🤖 AI Summary
Existing 3D human pose and shape (HPS) estimation methods suffer from poor generalization to real-world outdoor scenes due to the scarcity of in-the-wild motion-capture data and the limited diversity—particularly in identity and background fidelity—of synthetic CG-rendered data. To address this, we propose HumanWild, the first framework enabling joint generation of controllable outdoor human images and corresponding SMPL-X ground-truth 3D annotations, driven by text prompts or normal maps. Leveraging diffusion models augmented with a customized ControlNet and refined via SAM-based segmentation for noise suppression, HumanWild synthesizes WildBody—a high-quality dataset of 790K samples. We rigorously validate the complementary utility of generative data versus traditional CG data. Evaluated on six major benchmarks—including 3DPW, RICH, and EgoBody—our method significantly outperforms purely CG-trained approaches. The resulting HPS regressor achieves state-of-the-art generalization performance, eliminating reliance on real-world in-the-wild 3D annotations.
📝 Abstract
In this work, we show that synthetic data created by generative models is complementary to computer graphics (CG) rendered data for achieving remarkable generalization performance on diverse real-world scenes for 3D human pose and shape estimation (HPS). Specifically, we propose an effective approach based on recent diffusion models, termed HumanWild, which can effortlessly generate human images and corresponding 3D mesh annotations. We first collect a large-scale human-centric dataset with comprehensive annotations, e.g., text captions and surface normal images. Then, we train a customized ControlNet model upon this dataset to generate diverse human images and initial ground-truth labels.

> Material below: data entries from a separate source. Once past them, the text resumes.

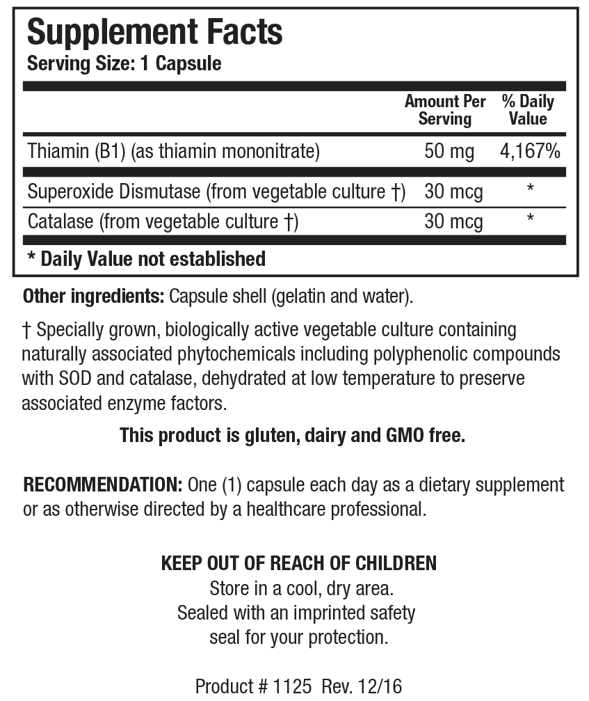 Thiamin (B1) (as thiamin mononitrate), Superoxide Dismutase (from vegetable culture†), Catalase (from vegetable culture†).
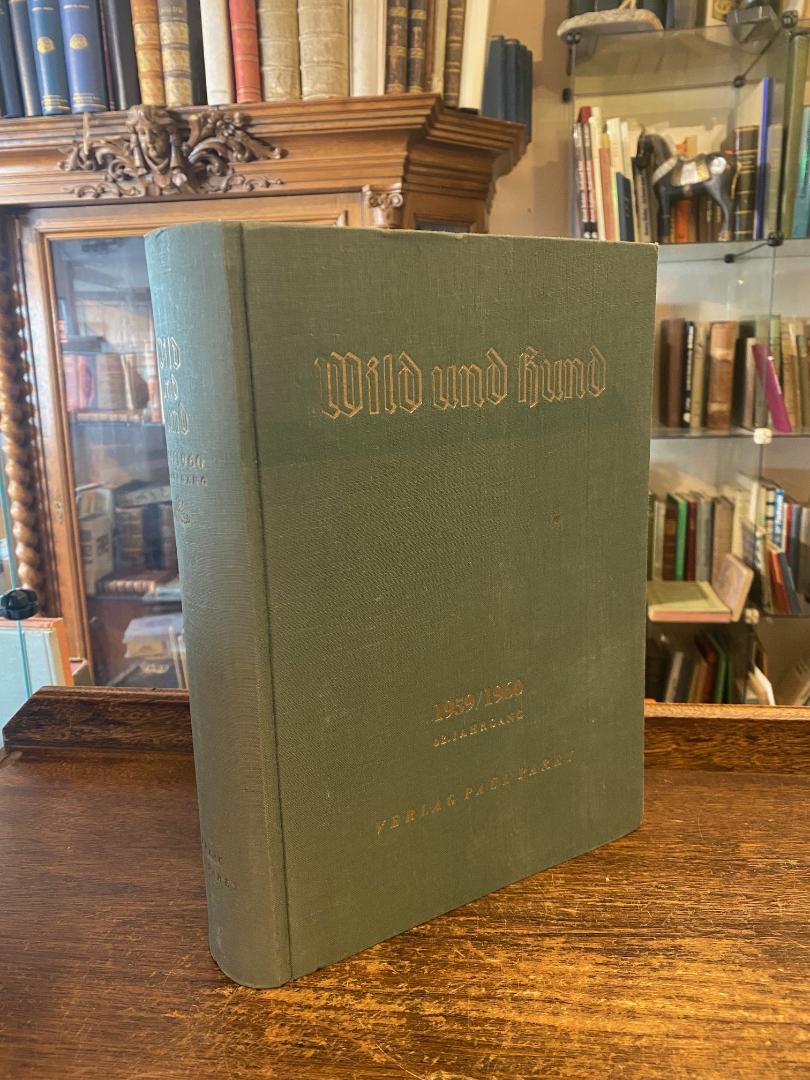 Wild und Hund 1959/1960 – Jahrgang 62 : Heft 1 (April 1959) – Heft 26 (März 1960) : Vereinigt mit St.Hubertus – Der Heger Jagd und Hege. Hamburg-Berlin, Verlag Paul Parey, 1959-1960. 4° (29x20), 11 S. (Register), 560 (Innenteil), 864 (Aussenteil), mit 586 (davon 78 farb) Abb., grüner Oln mit goldTitel, fest sauber und gepflegt, durch Register erschlossen.– kompletter Jahrgang mit 26 Heften.– illustrierte Original-Umschläge mit eingebunden.– Innenteil- und Aussenteil nacheinander gebunden.–
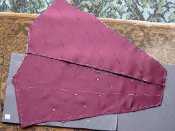 Both sections of front were laid side by side and checked for consistency. Note the tacking has not been removed at this stage to make it easier to sew.

At the core of this step is that we can easily obtain numerous surface normal images from a 3D human parametric model, e.g., SMPL-X, by rendering the 3D mesh onto the image plane. As there exists inevitable noise in the initial labels, we then apply an off-the-shelf foundation segmentation model, i.e., SAM, to filter negative data samples. Our data generation pipeline is flexible and customizable to facilitate different real-world tasks, e.g., ego-centric scenes and perspective-distortion scenes. The generated dataset comprises 0.79M images with corresponding 3D annotations, covering versatile viewpoints, scenes, and human identities. We train various HPS regressors on top of the generated data and evaluate them on a wide range of benchmarks (3DPW, RICH, EgoBody, AGORA, SSP-3D) to verify the effectiveness of the generated data. By exclusively employing generative models, we generate large-scale in-the-wild human images and high-quality annotations, eliminating the need for real-world data collection.